Johnson again warned Russian President Vladimir Putin of the likely devastation from any incursion by his forces, as he updated parliament following the call late Monday with the US and European allies.
“We agreed that we would respond to any Russian attack on Ukraine in unison by imposing coordinated and severe economic sanctions, heavier than anything we’ve done before against Russia,” he said.
Asked if Moscow could be frozen out of the global Swift system for financial payments, Johnson said: “There is no doubt that that would be a very potent weapon.”
He noted that such a step would have to be handled by the United States, as the centre of the global financial system, adding: “We’re in discussions about that.”

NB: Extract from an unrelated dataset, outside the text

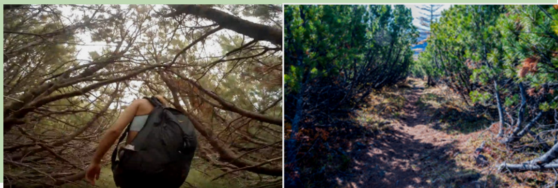
Рис. 22. Спуск к бухте Батарейная. Тропа до очистки (слева) и после (справа)

После перевала начинается спуск к бухте Батарейная. Тропа проходит по склону, густо поросшему кедровым стлаником. В настоящее время тропа расчищена силами городского турклуба и не представляет сложности для передвижения (рисунок 22).

Ukrainians would be “dogged and tenacious” in resisting any Russian incursion, Johnson said, after authorising the deployment of some 2,000 British anti-tank weapons to Kyiv along with military trainers.
The ensuing bloodshed would be “comparable to the first war in Chechnya, or Bosnia, or any other conflict that Europe has endured since 1945”, the prime minister said.
“We cannot bargain away the vision of a Europe whole and free” that arose after the end of the Cold War in 1989, “because Russia has placed a gun to Ukraine’s head”, he added.
But Johnson said sending NATO combat troops to Ukraine, which is not part of the military alliance, was “not a likely prospect in the near term”.